I get most of my netbook information at the following site if you're interested:
http://www.liliputing.com


----------



## Giaguara (Nov 2, 2008)

Mini note 1000 will be from January and still from closer to $ 400 as start price.
So HP 1000 currently .. is close to that, and not that interesting. 
Hmm.... HP 2133 or spiced up Inspiron mini 9?


----------



## nixgeek (Nov 2, 2008)

Giaguara said:


> Mini note 1000 will be from January and still from closer to $ 400 as start price.
> So HP 1000 currently .. is close to that, and not that interesting.
> Hmm.... HP 2133 or spiced up Inspiron mini 9?



No contest....the Dell is the sure winner.

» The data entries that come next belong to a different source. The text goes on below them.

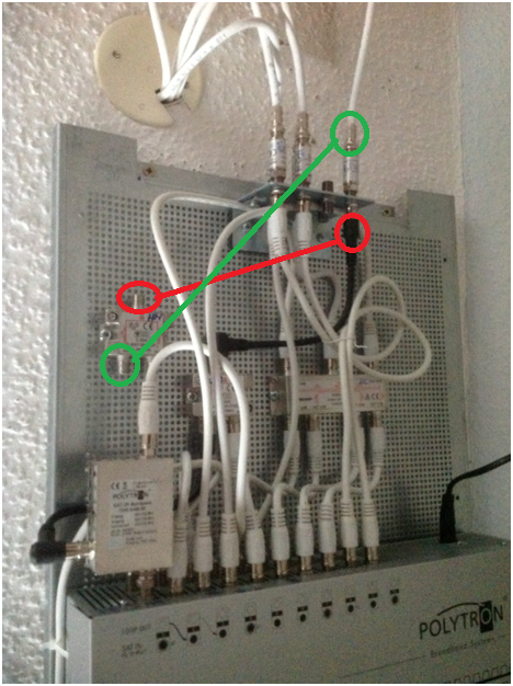 Wir haben eine Doppelhaushälfte mit Schüssel und Quattro LNB, die erste Dose ist im Dach=Gästezimmer.
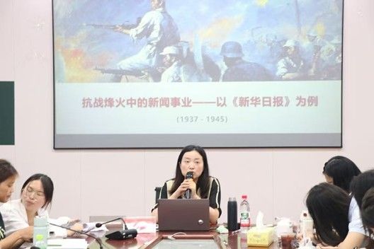 学院党委宣传委员谢杰结合学员专业特性,以“抗战烽火中的新闻事业”为主题,深刻阐述了党的百年宣传工作历史逻辑,有效促使全体学员更加坚守党管宣传、党管意识形态的政治方向,引导学员在新闻工作中积极发挥耳目喉舌功能,更好地承担起新时代宣传思想工作“举旗帜、聚民心、育新人、兴文化、展形象”的使命任务。
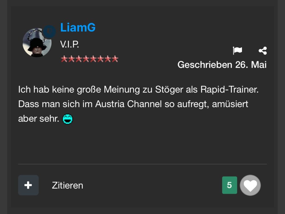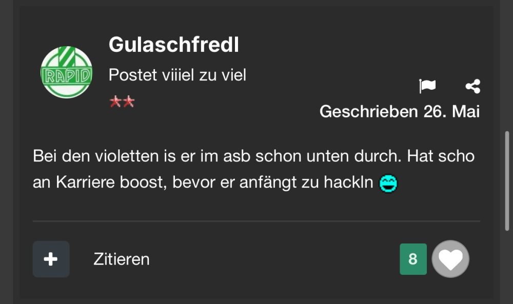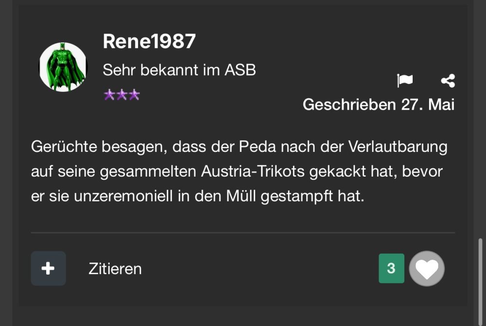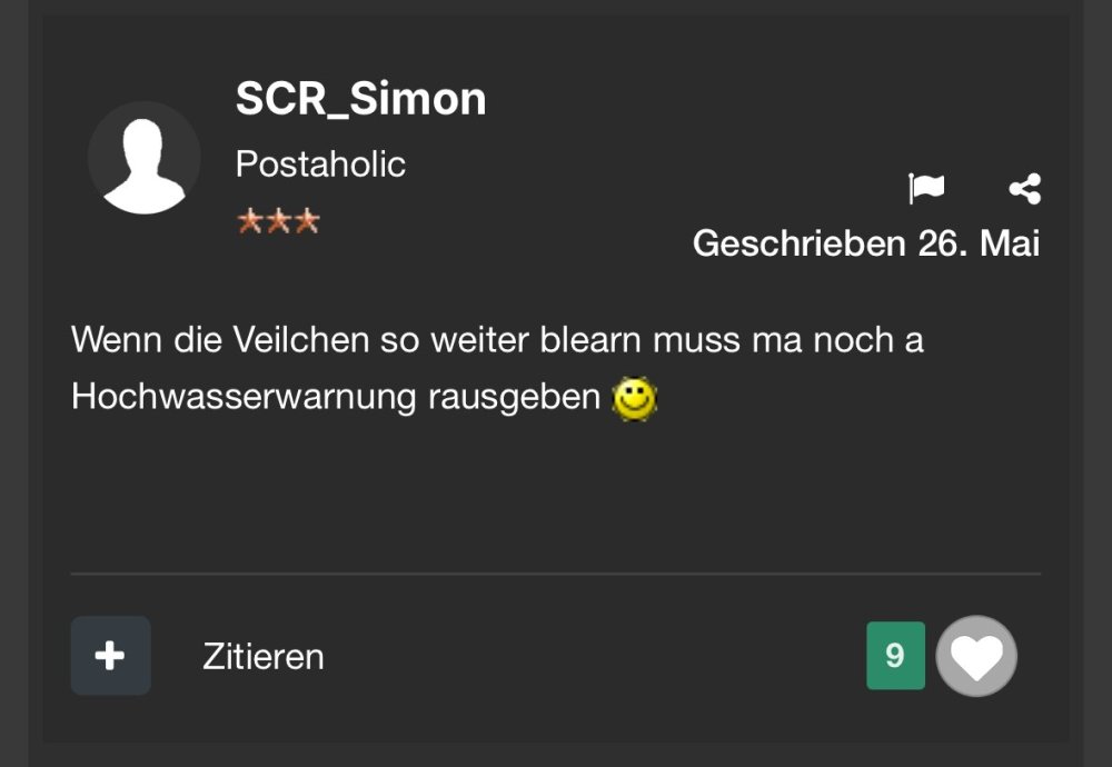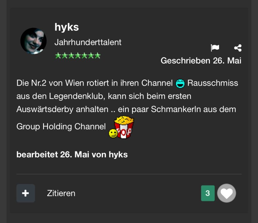 die hat da was losgetreten. wobei der oberhammer wäre ja. derbyheimsieg im kommenden derby und im stadion spielens "Kränk di net" ein mehr kannst die dann nicht mehr demoralisieren14 likes -
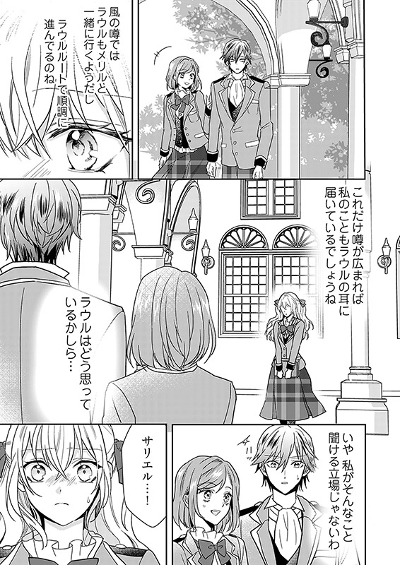 学園に入学後、死亡フラグを折るためにもゲームのヒロイン・メリルとラウルをどうにか引き合わせようとするサリエル。しかしダンスパーティーでの思いもよらぬハプニングをきっかけにナゼかラウル以外の攻略対象者とも親密になってしまい死亡フラグ乱立の危機…!?
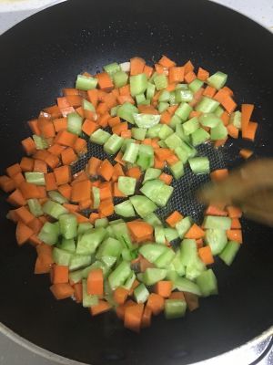 热油炒胡萝卜黄瓜丁,可加少许盐
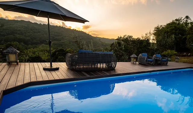 The Palmwood guesthouse is a curated lodging experience. The hilltop retreat, inspired by the mountain Ryokans (country inns) of Japan, is nestled amongst the rolling green hills of Moloa'a - a less traveled pocket on the North Shore of Kauai, Hawaii. The Palmwood Inn is a private, three-room boutique bed and breakfast designed for travlers seeking a more intimate aternative to traditional resorts. Surrounded by lush greenery, birdsong, and gentle trade winds, the inn offers a peaceful escape from crowds while still being perfectly positioned to explore the island’s most beloved experiences.
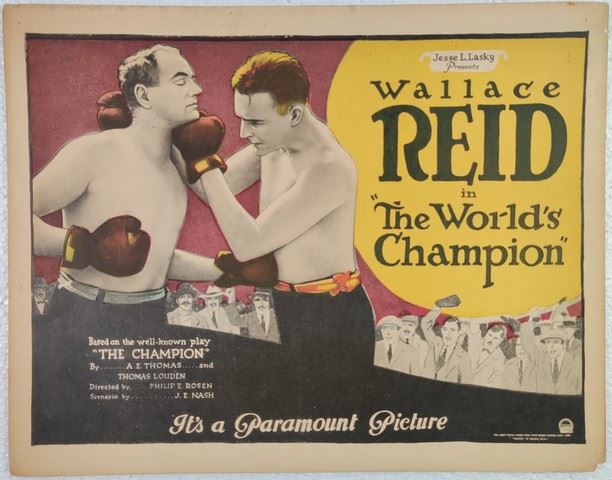 The World's Champion (Paramount Pictures, 1922) lobby card. Silent Film. Starring Wallace Reid, Lionel Belmore, Tiny Sandford, Kid McCoy, Lois Wilson. Directed by Phil Rosen. Some edge wear, light creases, small tears, pin-holes. Very Fine. (11"x14").
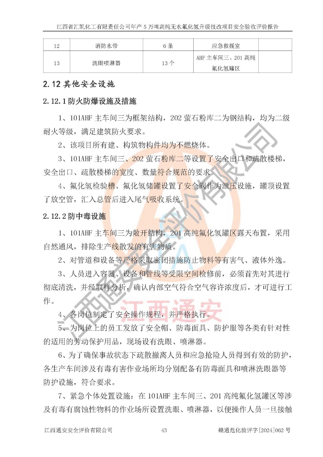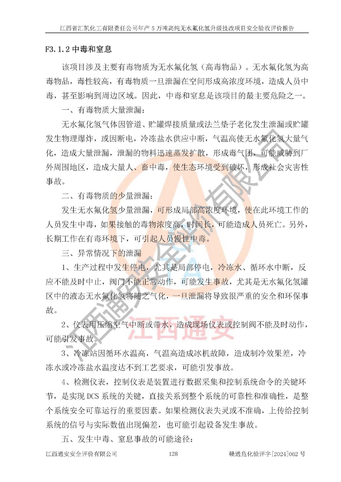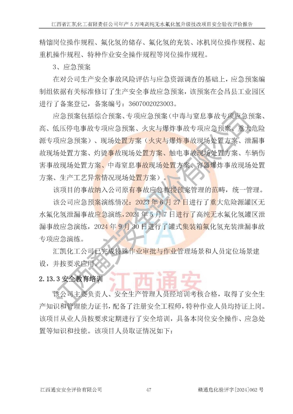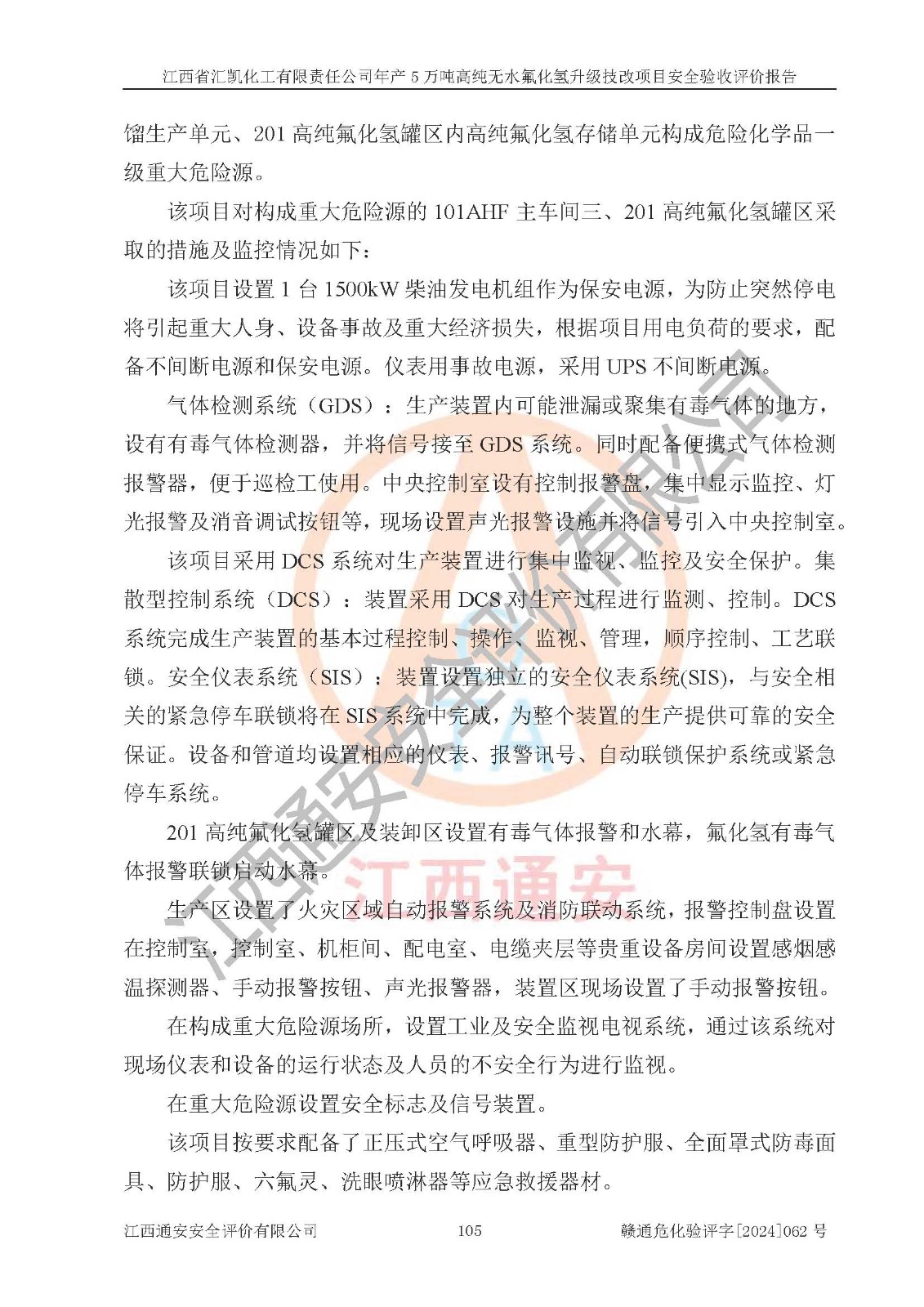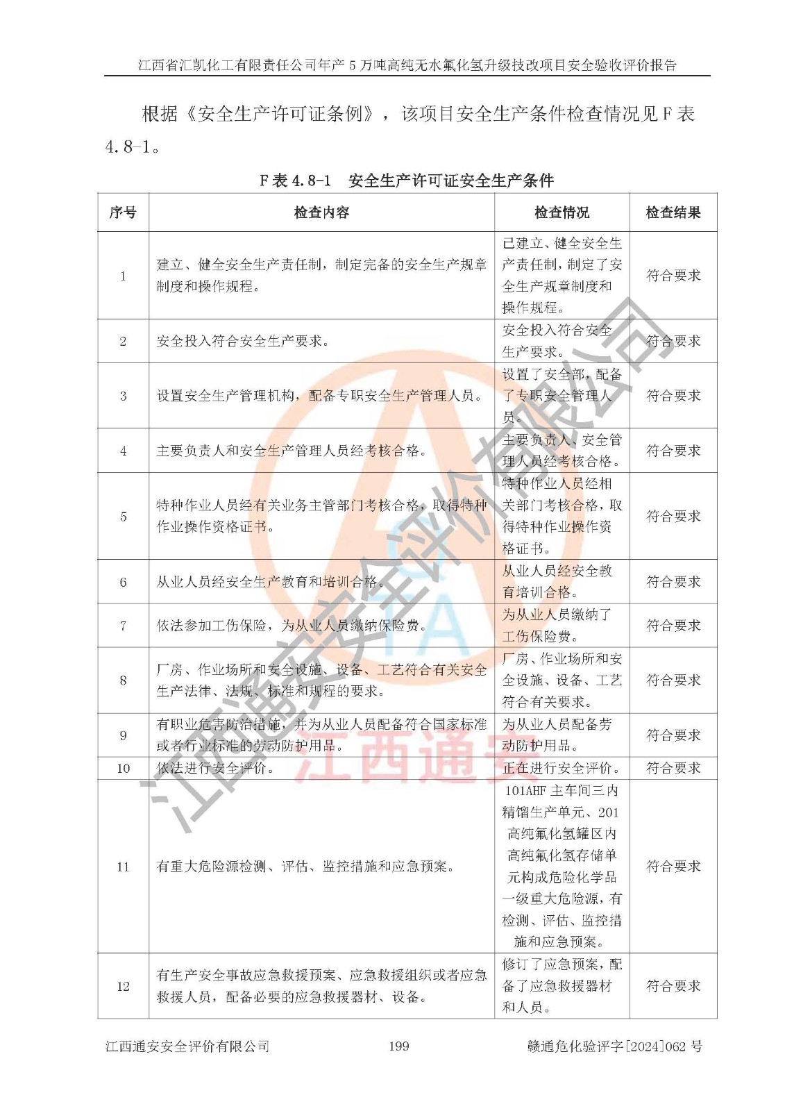 評價結(jié)論 | 江西省匯凱化工有限責任公司年產(chǎn)5萬噸高純無水氟化氫升級技改項目現(xiàn)場情況與設(shè)計圖紙一致,DCS系統(tǒng)和SIS系統(tǒng)符合設(shè)計要求、運行正常,主要負責人、安全管理人員等有關(guān)從業(yè)人員資質(zhì)符合《江西省危險化學品安全專項整治三年行動實施方案》要求,安全設(shè)施及安全管理符合**及有關(guān)部門關(guān)于安全生產(chǎn)法律、法規(guī)、標準的要求,該項目試生產(chǎn)以來,工藝設(shè)備運行正常,安全設(shè)施和采取的安全技術(shù)措施符合設(shè)計要求并達到預(yù)期結(jié)果,可以滿足建設(shè)項目安全生產(chǎn)的要求,安全生產(chǎn)管理**,具備了安全設(shè)施竣工驗收條件。 | ||||||

The VIA C7-M is slow compared to the Intel Atom.  I wouldn't even consider the 2133 because it uses the slower processor.  Do give the Acer some consideration as well.  This is pretty much the only Acer I would probably ever recommend.  I know of some others that are using the GNU/Linux version and love it.


----------



## Giaguara (Nov 3, 2008)

I've seen some of those Acers, and wasn't too impressed.
(and had one, looong time ago, before NeXT was out)
This also covers them all http://www.reghardware.co.uk/2008/09/12/rh_bg_netbooks/
Dell does sound the one to go with then.


----------



## Giaguara (Nov 4, 2008)

Dell's shipping times seem to vary as they will make all BTO. So will ship by 14th/19th/20th... would sort of need it by then.
Another nice thing I discovered with Dell is that I can get a small discount from them via work.


----------



## nixgeek (Nov 4, 2008)

Yeah, I'm eligible also for the discount at work.  I just have to play with it to see if its what I want.  I did play with the Acer which is why I was sold on it, but I don't want to impulse-buy without testing out the Dell first (which I originally liked just from what I saw online).


----------



## Giaguara (Nov 4, 2008)

... and while I'm getting ready to place the order for that Dell, then there is suddenly this http://gizmodo.com/5075924/dealzmodo-msi-wind-now-350-at-best-buy price drop of MSI Wind (1.6 10" same res, 1 GB, 80 GB) for now $ 350 at Best Buy. 
(XP, but that's a matter of 30-60 minutes to install a decent OS there).
(which seems to be sold out all over TX at least by now..)


----------



## ora (Nov 5, 2008)

Bigger review of the Dell on Reg Hardware this morning, though I guess if you are stateside now the stuff abut mobile broadband aint relevant. 

http://www.reghardware.co.uk/2008/11/05/review_netbook_dell_inspiron_mini_9/


----------